Best Sustainable HSS Project

  • Architectural and engineering design — design choices that supported sustainability goals
  • Demonstrated embodied carbon impact — measurable improvement achieved through HSS choices, supported by real data
  • Material strategy and lifecycle — design optimization, sourcing decisions, recycled content, and lifecycle impact that supported the project’s sustainability
  • Sustainability certifications — third-party certifications the project achieved or pursued (LEED, Living Building Challenge, Whole Building LCA, etc.)
  • HSS’s contribution to sustainability — how the project leveraged HSS to achieve measurable sustainability outcomes
  • Resolution of sustainability challenges — sustainability obstacles overcome through HSS-related design or material decisions
  • Team collaboration — notable cooperation between project participants (e.g., architect, engineer, fabricator, owner) that shaped project outcomes
  • Community sustainability impact — how the project’s sustainability outcomes extend to or benefit the surrounding community


Best Special Structure

  • Architectural and engineering design — design vision and structural approach for a one-of-a-kind structure
  • Fabrication and construction quality — execution of the HSS work as shown in photos and described in the narrative
  • HSS’s contribution to the project — exposed structure, sculptural expression, long spans, complex geometry, or unusual loading enabled by HSS
  • Cultural, civic, or community significance
  • Team collaboration — notable cooperation between project participants (e.g., architect, engineer, fabricator, owner) that shaped project outcomes
  • Resolution of project challenges — challenges specific to the HSS portions of the project (design, fabrication, supply, erection), or broader project challenges overcome through HSS use


Best Alabama HSS Project (Judges’ Choice)

  • Architectural and engineering design — design vision and structural approach
  • Fabrication and construction quality — execution of the HSS work as shown in photos and described in the narrative
  • HSS’s contribution to the project — material selection and what HSS uniquely enabled
  • Significance to the host community — civic, economic, cultural, or industry contribution
  • Team collaboration — notable cooperation between project participants (e.g., architect, engineer, fabricator, owner) that shaped project outcomes
  • Resolution of project challenges — challenges specific to the HSS portions of the project (design, fabrication, supply, erection), or broader project challenges overcome through HSS use


Most Innovative Use of HSS (Judges’ Choice)
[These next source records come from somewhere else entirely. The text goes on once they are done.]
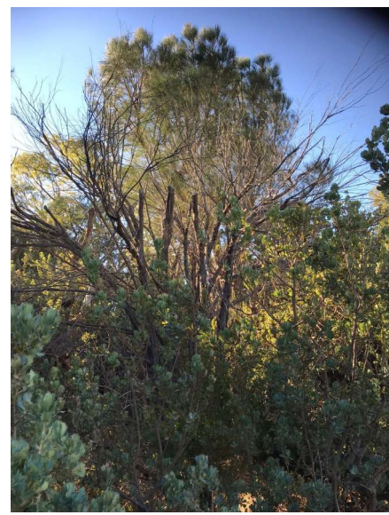
Figure 1b Photograph showing dense vegetation on the northern side of the road, inside the lots to the north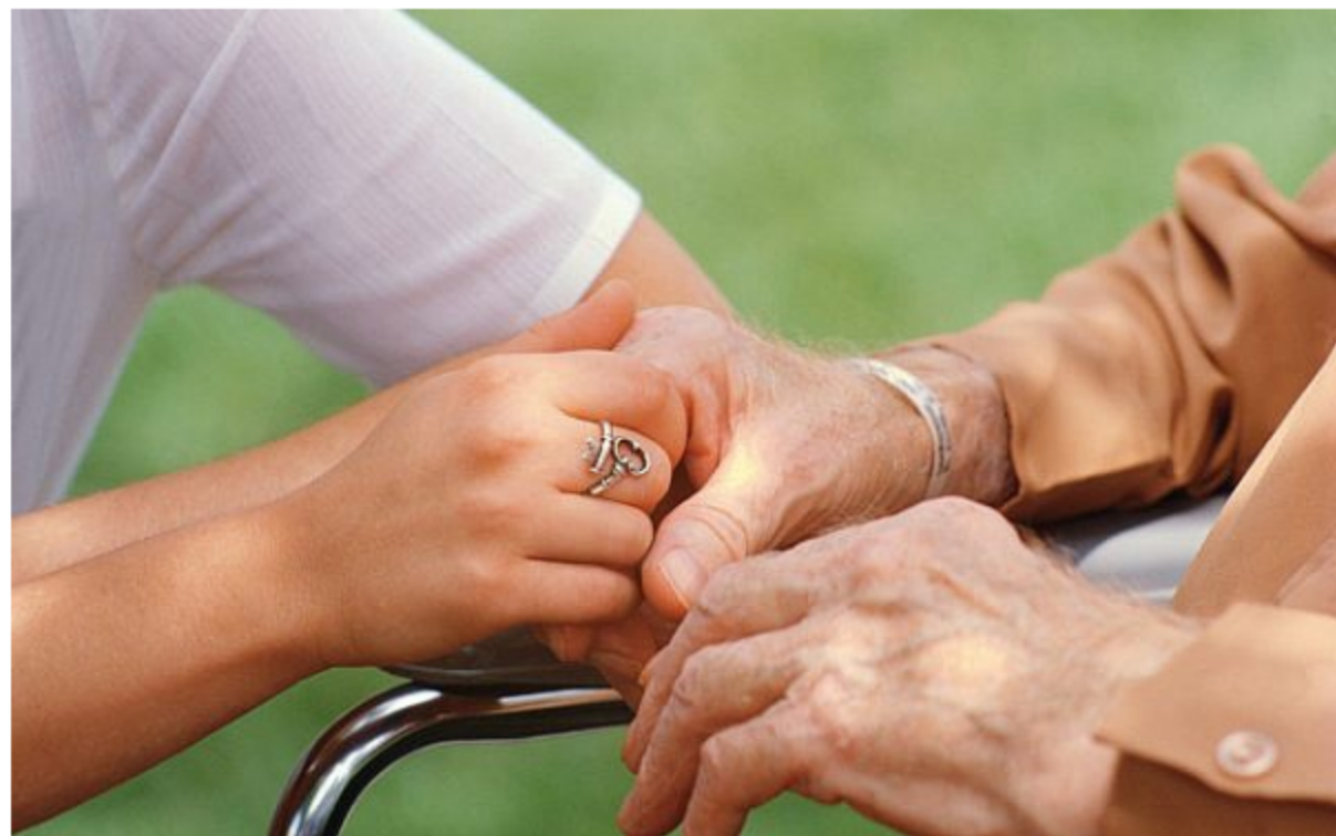
Nurse Holding Elderly Patient's Hand

Jewish Care has said 68 residents suspected of having contracted Covid-19 have recovered, with “more consistent” testing now being rolled out across the charity.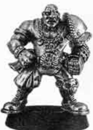
THE MIGHTY ZUG 099901301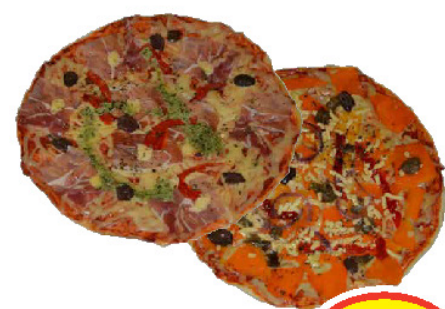
NGF Pizza's 375g, 400g, 500g Single sell: $5.99ea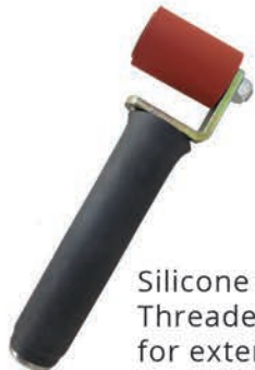
Silicone Roller w/ Threaded Handle for extension pole 2" x 2" P/N: GSR2THD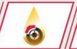
MULTI DISC OUTBOARD OIB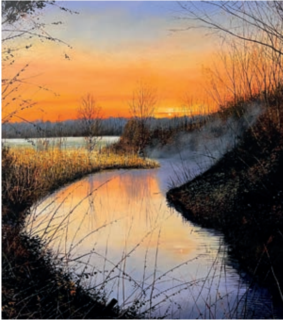
Dawn, River Lea, Psalm 121 122 x 122cm Oil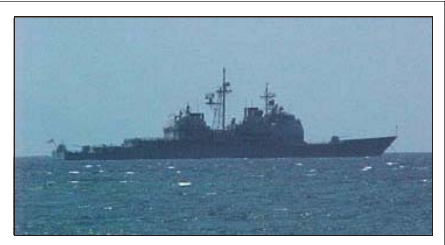
From this US warship, strangely enough, will come assistance for some community in East Timor.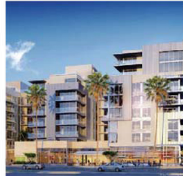
COMMUNITY WATCH Local architectural firm Moore Ruble Yudell's design for The Seychelle, one of two properties at Ocean Avenue South.

architects and designers to create an entirely new way of living. Designed by the architectural firm Moore Ruble Yudell, the LEED-certified buildings include 20,000 square feet of retail and dining space (including a Westside outpost of Joan's on Third), as well as gardens landscaped by Mia Lehrer. Just steps from the beach, the 3.7-acre complex offers one- to three-bedroom units and luxury penthouses (one's just been listed for $10 million) within its two distinctive properties, The Waverly and The Seychelle. First to debut was The Waverly, with interiors by Marmol Radziner. (Think oak floors and polished quartzite—the kind of earthy, contemporary styling for which the firm is lauded.) The dual six-story towers contain 65 homes and boast generous windows and balconies. Bridging the structures is a fifth-floor residents' lounge. For The Seychelle, the larger of the two properties with 93 units,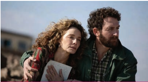
BOYNTON BEACH CINEMARK: JAN. 31 | 7:00 PM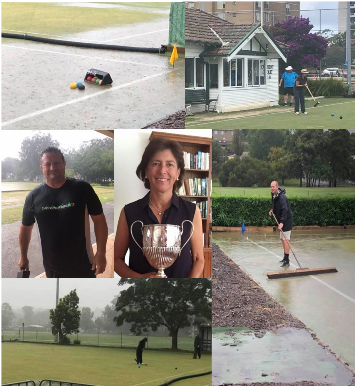
1Scenes from the Eastern Seaboard AC competition in March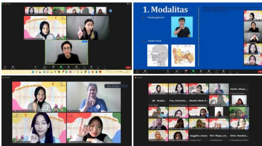
Figure 1. Documentation of AJAR UP 2021

and discussions, especially during sign language learning activities in the second session. However, there were several obstacles experienced before the day of the activity where the registrants for this AJAR UP activity were 48 people. Still, at the time of the announcement, only about 30 people entered the WhatsApp group created. The group link was announced via the email platform so that many participants do not open the email provided and do not join the group link provided in the email. These obstacles made the number of participants who attended the AJAR UP activities only about 28 participants. Meanwhile, on the day of the activity, the obstacle experienced was the lack of stability of the committee signal at the beginning of the activity, namely during the open gate session. The share screen had stopped for a while, the MC and the committee could resolve this by providing information about initial attendance through the Zoom chat column.

  • First-of-kind application or unusual approach
  • Novel use of HSS shapes, grades, connections, or processing
  • Boundary-pushing architectural expression, geometry, span, load case, or connection design
  • Significance to HSS practice — how the project demonstrates new possibilities for HSS use that other projects can build on
  • Cross-disciplinary collaboration that enabled innovation and project success
  • Resolution of unprecedented challenges — challenges in pushing HSS practice into new territory and how they were navigated to deliver the project
  • Community impact — how the project benefits or serves the community where it’s located


Entries are judged by a four-member jury representing perspectives of the HSS industry from any of the following entities:

  • Structural engineer
  • Architect
  • Fabricator or erector
  • HSS producer
  • Service center
  • Steel Tube Institute representative

The jury reviews all entries, scores them against category-specific criteria, and selects winners through deliberation. Jurors with a conflict of interest on a specific entry recuse from scoring that entry. The jury reserves the right to withhold an award in any category if no entry meets the standard.